* Exercise prompt *
Transcribe the data exactly, omitting whatever pictures it holds.

[Recorded data — start]

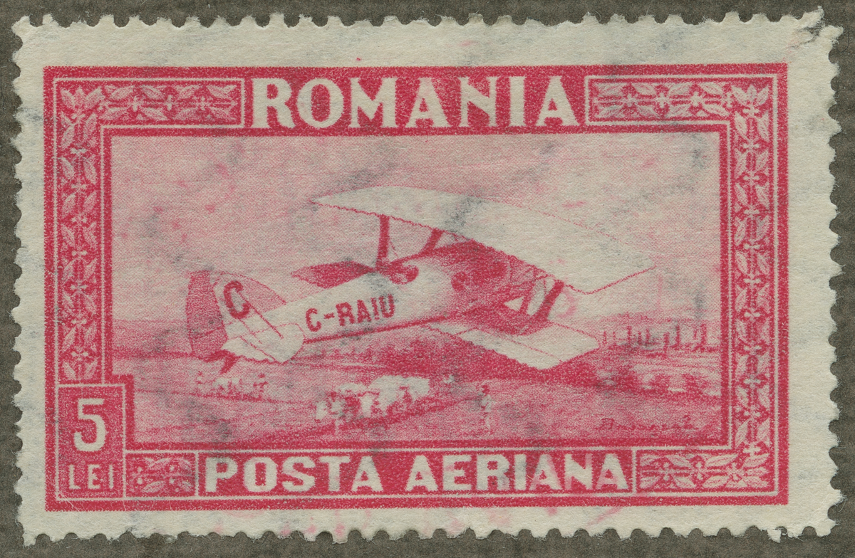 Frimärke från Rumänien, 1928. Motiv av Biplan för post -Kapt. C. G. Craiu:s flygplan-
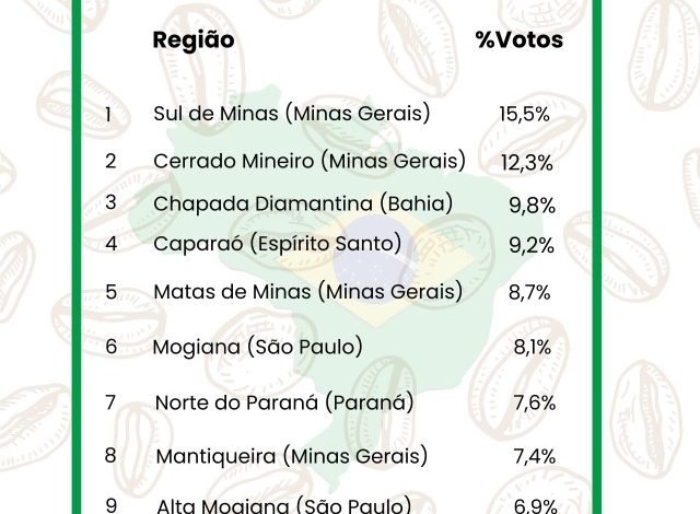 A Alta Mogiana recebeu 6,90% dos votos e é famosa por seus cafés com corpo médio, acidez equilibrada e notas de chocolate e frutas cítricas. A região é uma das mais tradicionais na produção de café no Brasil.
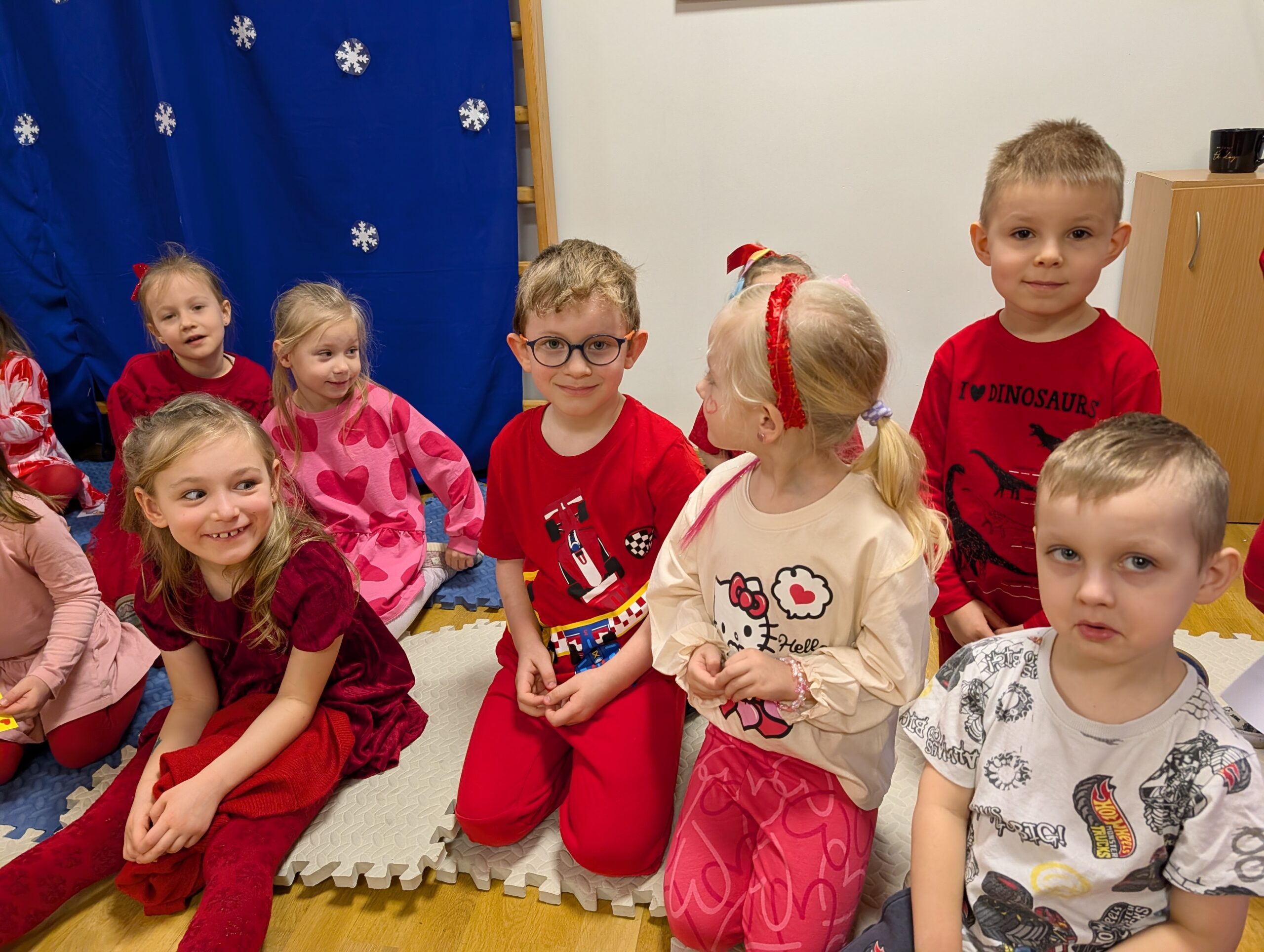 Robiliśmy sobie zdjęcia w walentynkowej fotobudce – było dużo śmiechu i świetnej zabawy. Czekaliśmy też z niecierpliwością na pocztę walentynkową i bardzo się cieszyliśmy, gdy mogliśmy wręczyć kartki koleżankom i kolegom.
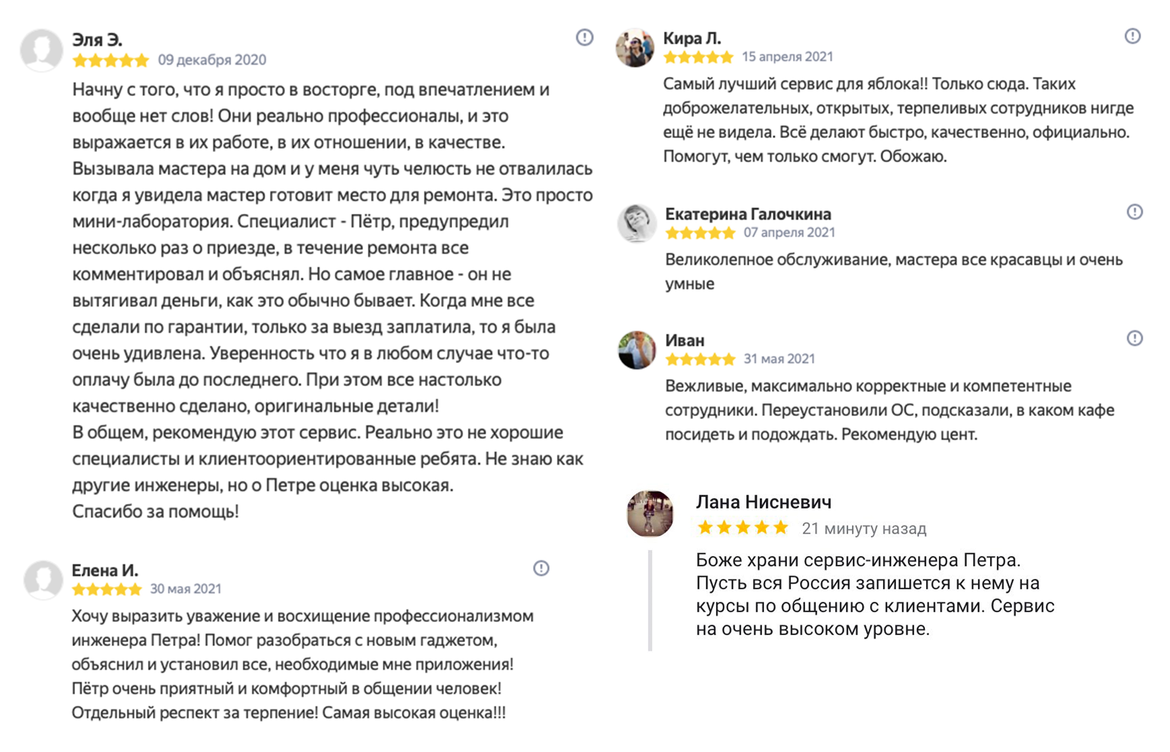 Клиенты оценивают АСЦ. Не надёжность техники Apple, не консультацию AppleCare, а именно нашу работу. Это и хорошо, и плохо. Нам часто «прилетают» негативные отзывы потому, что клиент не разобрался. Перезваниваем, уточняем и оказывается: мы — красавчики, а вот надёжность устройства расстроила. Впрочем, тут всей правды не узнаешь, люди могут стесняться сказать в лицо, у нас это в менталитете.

[Recorded data — finish]

* Output for this exercise *
 Frimärke från Rumänien, 1928. Motiv av Biplan för post -Kapt. C. G. Craiu:s flygplan-
 A Alta Mogiana recebeu 6,90% dos votos e é famosa por seus cafés com corpo médio, acidez equilibrada e notas de chocolate e frutas cítricas. A região é uma das mais tradicionais na produção de café no Brasil.
 Robiliśmy sobie zdjęcia w walentynkowej fotobudce – było dużo śmiechu i świetnej zabawy. Czekaliśmy też z niecierpliwością na pocztę walentynkową i bardzo się cieszyliśmy, gdy mogliśmy wręczyć kartki koleżankom i kolegom.
 Клиенты оценивают АСЦ. Не надёжность техники Apple, не консультацию AppleCare, а именно нашу работу. Это и хорошо, и плохо. Нам часто «прилетают» негативные отзывы потому, что клиент не разобрался. Перезваниваем, уточняем и оказывается: мы — красавчики, а вот надёжность устройства расстроила. Впрочем, тут всей правды не узнаешь, люди могут стесняться сказать в лицо, у нас это в менталитете.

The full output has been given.